Help Center/ Cloud Container Engine/ Best Practices/ Monitoring/ Collecting GPU Pod Monitoring Metrics and Setting Up a Grafana Dashboard
Updated on 2025-04-30 GMT+08:00

Collecting GPU Pod Monitoring Metrics and Setting Up a Grafana Dashboard

Application Scenarios

Monitoring metrics for GPU pods, such as gpu_pod_core_percentage_total, gpu_pod_core_percentage_used, gpu_pod_memory_total, and gpu_pod_memory_used, have been added to CCE AI Suite (NVIDIA GPU) of versions 2.1.30, 2.7.46, and later. These metrics allow for comprehensive monitoring of the resource usage of a GPU card and the compute and memory usage of the GPU workloads that run on a GPU. By using these metrics, you can create monitoring dashboards at different levels (for example, by pod or node) to stay informed about cluster information in real-time. For details about GPU metrics, see GPU Metrics.

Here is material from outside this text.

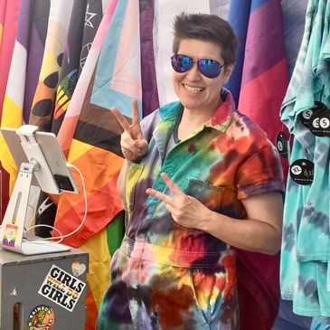 In 2000, I was living in Atlanta, GA working for corporate America and developed thyroid cancer. I left the cubicle world to focus on my health and in 2002 I bought my first heat press and set forth to make a life for myself making art while working in my PJs. Jammeland, as I like to call it. In 2018, after going back to school in my forties, I graduated top of my class with a Business Marketing Management Degree. I began doing Pride festivals to showcase my artistry which supports my fellow queer community. I am rooted in old school customer service and desire to cultivate one-on-one connections that leave everyone feeling happy and valued. I make art that feeds my spirit and circulates the love within my heart; a love that will forever remain authentic and true.
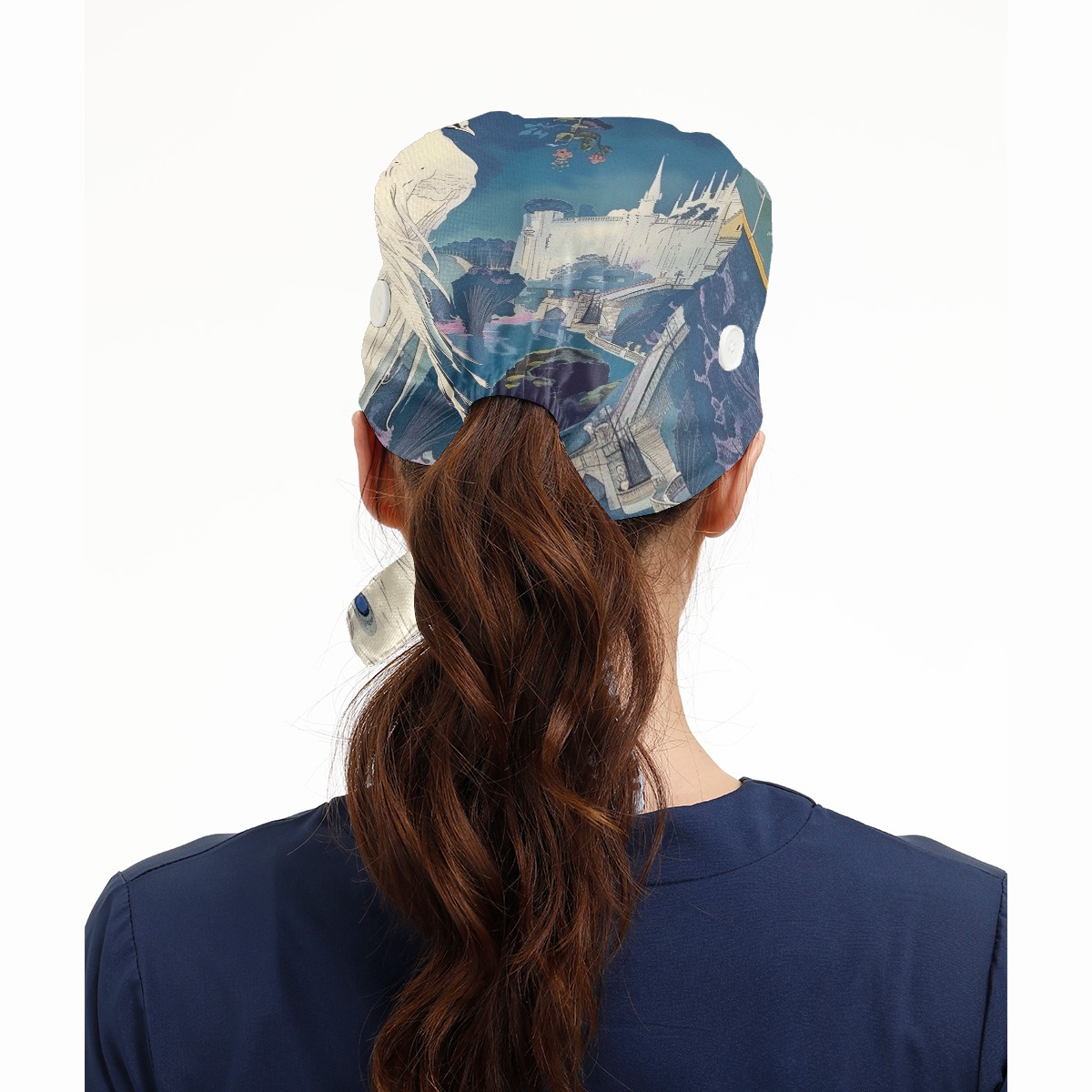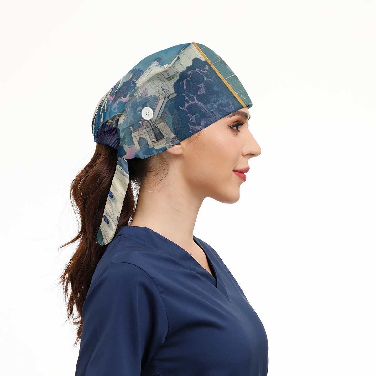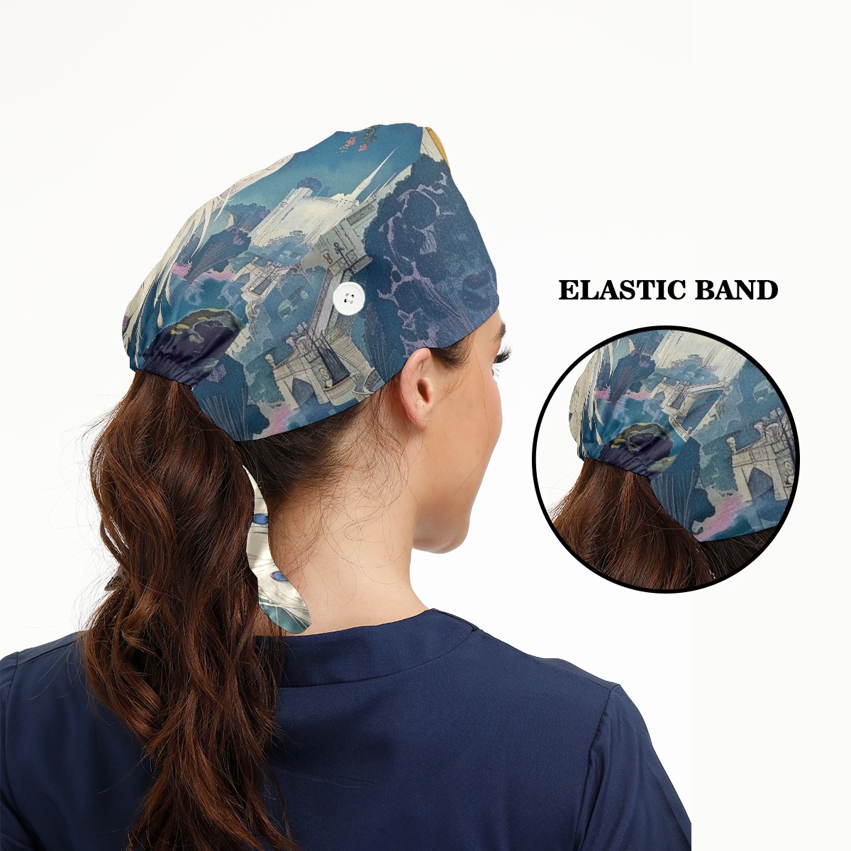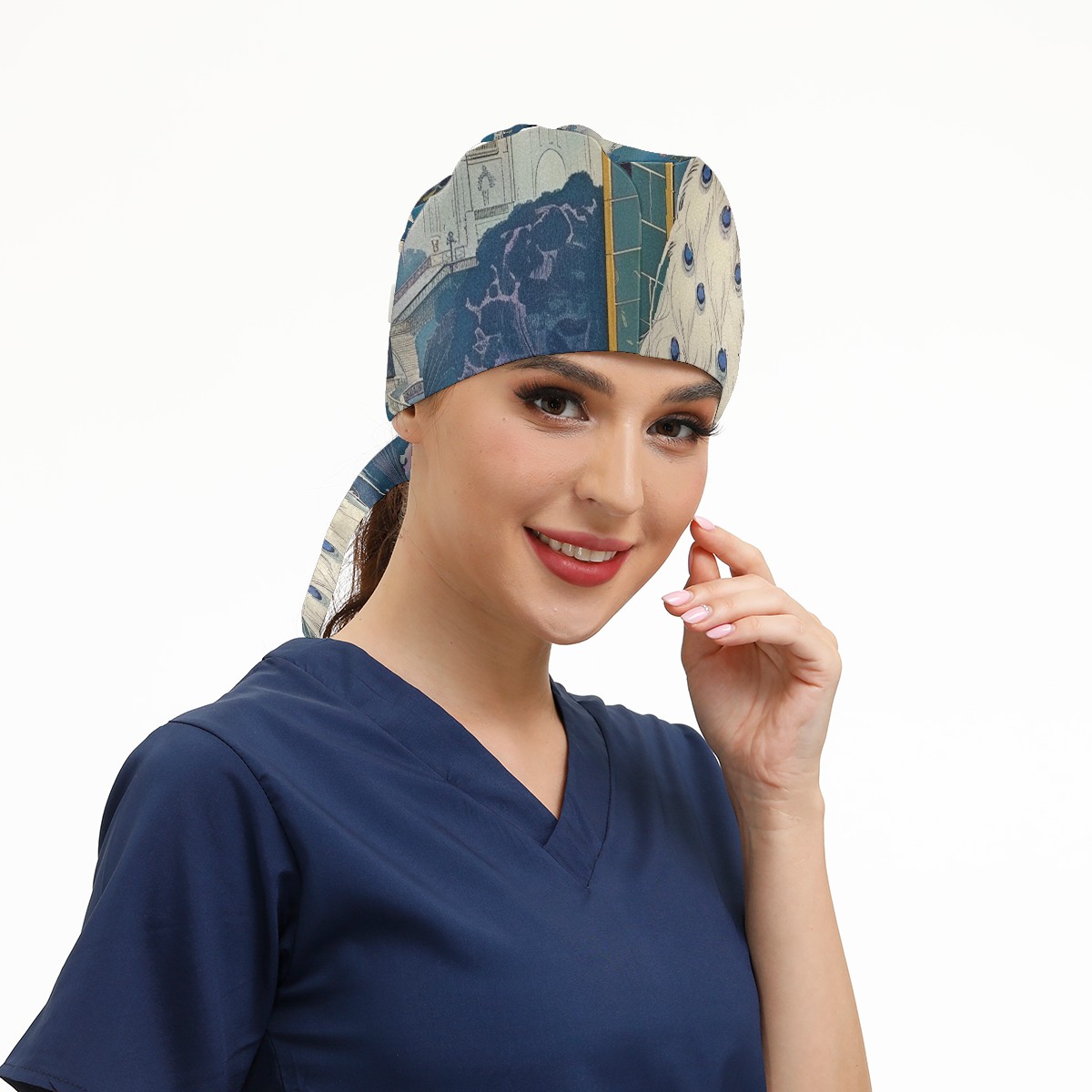 Working Caps with Button & Sweatband Satin Lined Cotton Adjustable Nurse Hats Elastic Band Scrub Cap Surgeon Hat Peacock

The Cloud Native Cluster Monitoring add-on does not automatically collect these metrics. To view them on Grafana dashboards, you must manually configure the Cloud Native Cluster Monitoring add-on for data collection and set up a dashboard. This section provides an example using pod monitoring to explain how to collect GPU pod monitoring metrics and establish a dashboard.

Prerequisites

  • A NVIDIA GPU node is running properly in the cluster.
  • The CCE AI Suite (NVIDIA GPU) add-on has been installed in the cluster and its version is 2.1.30, 2.7.46, or later. For details about how to install the add-on, see CCE AI Suite (NVIDIA GPU).
  • The Cloud Native Cluster Monitoring add-on and Grafana add-on have been installed in the cluster, and public access has been enabled for Grafana. For details about how to install these add-ons, see Cloud Native Cluster Monitoring and Grafana.
    • To use AOM data sources (Configuring an AOM Data Source), enable Report Monitoring Data to AOM in the Cloud Native Cluster Monitoring add-on and Interconnect with AOM in the Grafana add-on. In addition, make sure to use the same AOM instances for both add-ons.
    • To use Prometheus data sources (Configuring a Prometheus Data Source), enable Local Data Storage in the Cloud Native Cluster Monitoring add-on.

Process

Procedure

Description

Billing

Step 1: Collect GPU Pod Monitoring Metrics

The Cloud Native Cluster Monitoring add-on does not automatically collect GPU pod monitoring metrics. To view these metrics in the monitoring center, you need to manually configure the add-on for data collection.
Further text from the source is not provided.